Plasma trans-PAO levels are regarded as a circulating fatty acid biomarker of full fat dairy consumption, which is associated with higher HDL-cholesterol and lower triglycerides concentrations [13], [77], [78]. In the present work, we found that chronic trans-PAO treatment did not influence LDL or HDL-cholesterol and triglycerides in plasma. Interestingly, trans-PAO treatment significantly increased HDL-triglyceride in plasma of Apoe−/- mice, but this doesn't appear to promote atherosclerosis progression in mice. Our findings show that double bond configuration is critical for PAO's incorporation into lipids and beneficial metabolic properties such as reduction of organelle stress and anti-inflammatory actions that help prevent atherosclerosis. Of the two isoforms that we tested in our studies, only orally active cis-PAO reduced organelle stress, inflammation, and atherosclerosis [23]. Trans-PAO neither prevented nor promoted atherogenesis in mice.
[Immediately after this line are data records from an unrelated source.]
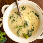 (Optional) use your immersion blender or blender to make your soup more smooth. I like some broccoli florets in my soup so I only blended ½ of my soup. It's up to you. If you use a blender, make sure to only fill it about ½ way at a time, hot liquid will expand while your blend and it will pop up and out of the blender.
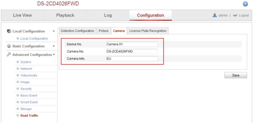 Step 3. Then go to Advanced Configuration > Road Traffic option. Select the detection type from the list. Vehicle Detection will be selectable.
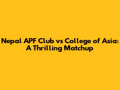 Nepal APF Club Vs College Of Asia: A Thrilling Matchup
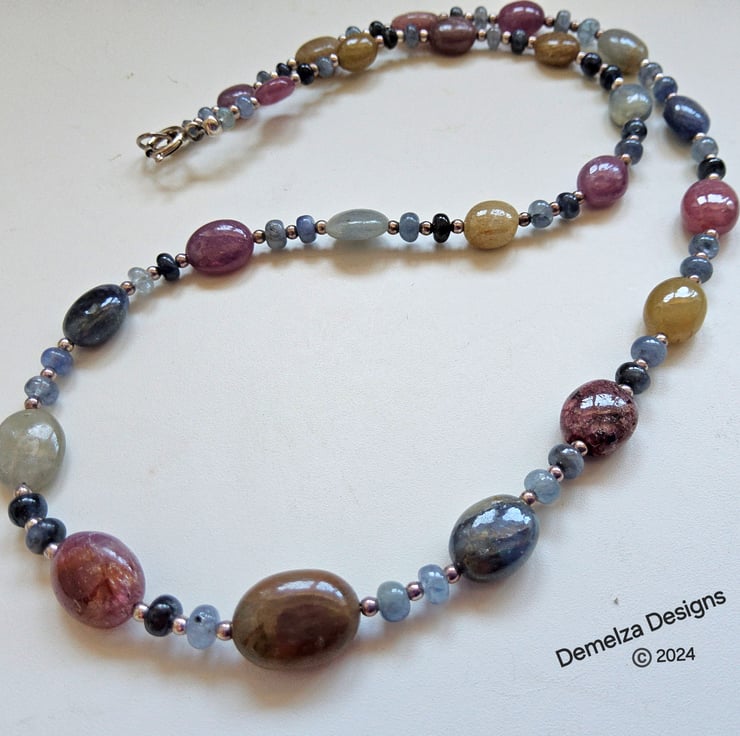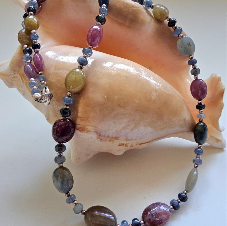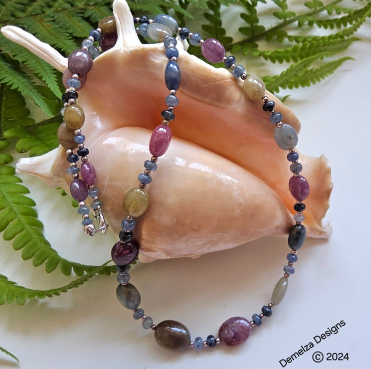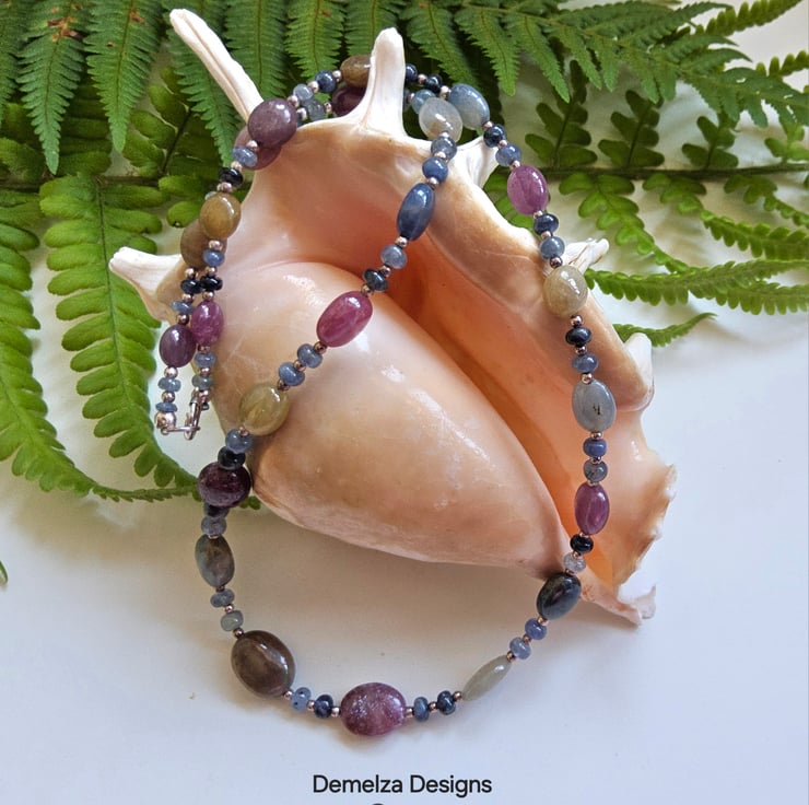 Unique Rare Hand Made Ruby, Sapphire Sterling Silver Necklace ONE OFF

Therefore, our findings support previous epidemiological studies that found elevated trans-PAO levels, despite being a TFA, does not increase risk for CVD [79].

Conclusion

Our findings demonstrate the importance of comprehensive and direct investigation of lipids, which have been associated with metabolic benefits in epidemiological studies, in appropriate disease models. The results of our two studies on cis-PAO and trans-PAO will provide useful guidance for future dietary intervention strategies in humans that are based on PAO supplementation. Our findings show trans-PAO is not atheroprotective like cis-PAO but also confirm epidemiological studies that showed trans-PAO does not promote CVD.